**Collected material**.
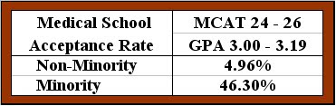 Perhaps the AAMC wishes to make the comparisons of acceptance rates by ethic groups harder, because the results above are pretty dramatic, and maybe this is what it is trying to hide? This just one example: for those applicants with a MCAT of 24-26 and GPA of 3.00-3.19, fewer than one out of 20 non-minorities will be accepted, while almost one out of two minorities will be admitted.
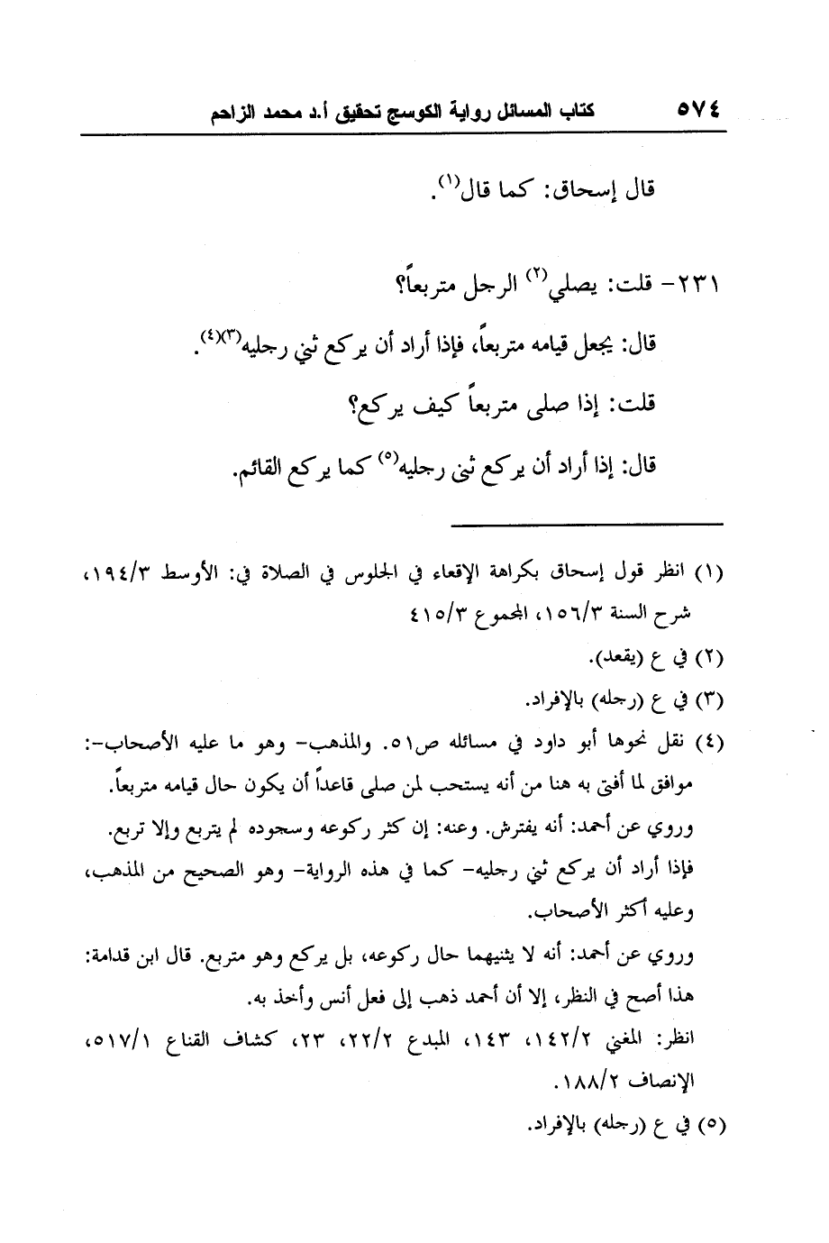 4 نقل نحوها أبو داود في مسائله ص51. والمذهب- وهو ما عليه الأصحاب-: موافق لما أفتى به هنا من أنه يستحب لمن صلى قاعداً أن يكون حال قيامه متربعاً.
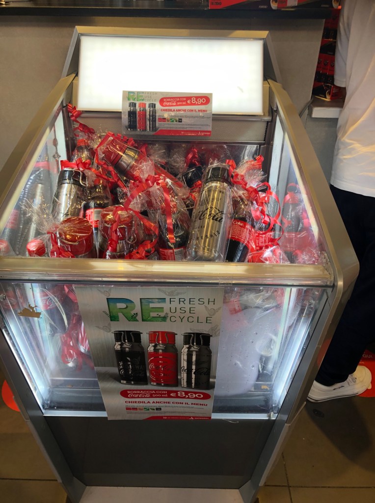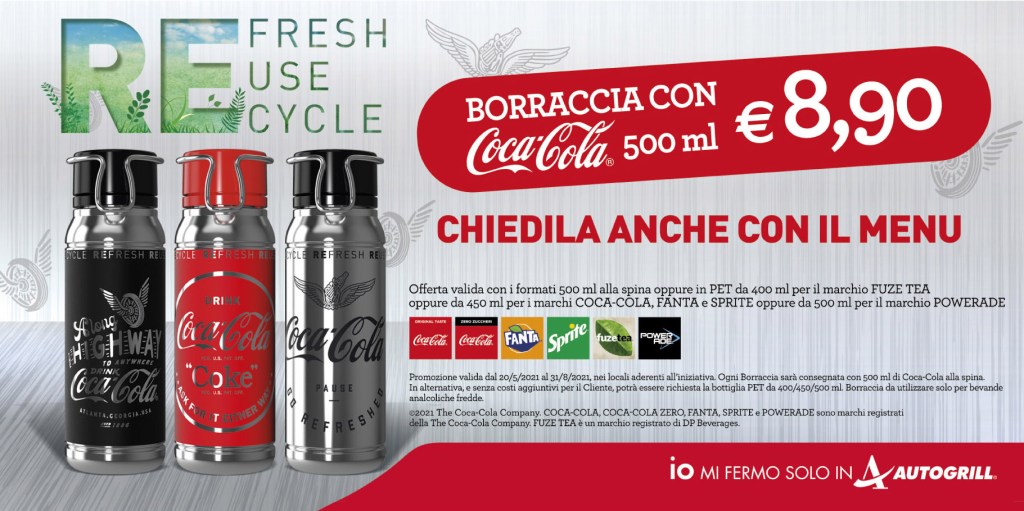 Per il terzo anno la borraccia Coca-Cola è eco-sostenibile e disponibile nel periodo estivo in tutti i punti vendita delle insegne del gruppo Autogrill (Autogrill, Ciao, Spizzico, Burger King).
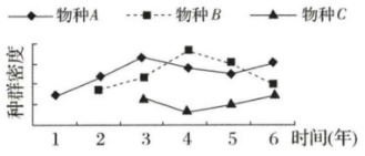 C增大物种C的种群密度会增加物种B的环境容纳量

**Prompt**. Quote the preceding listing precisely and completely, omitting its images.

**Answer for the task**.
 Perhaps the AAMC wishes to make the comparisons of acceptance rates by ethic groups harder, because the results above are pretty dramatic, and maybe this is what it is trying to hide? This just one example: for those applicants with a MCAT of 24-26 and GPA of 3.00-3.19, fewer than one out of 20 non-minorities will be accepted, while almost one out of two minorities will be admitted.
 4 نقل نحوها أبو داود في مسائله ص51. والمذهب- وهو ما عليه الأصحاب-: موافق لما أفتى به هنا من أنه يستحب لمن صلى قاعداً أن يكون حال قيامه متربعاً.
 Per il terzo anno la borraccia Coca-Cola è eco-sostenibile e disponibile nel periodo estivo in tutti i punti vendita delle insegne del gruppo Autogrill (Autogrill, Ciao, Spizzico, Burger King).
 C增大物种C的种群密度会增加物种B的环境容纳量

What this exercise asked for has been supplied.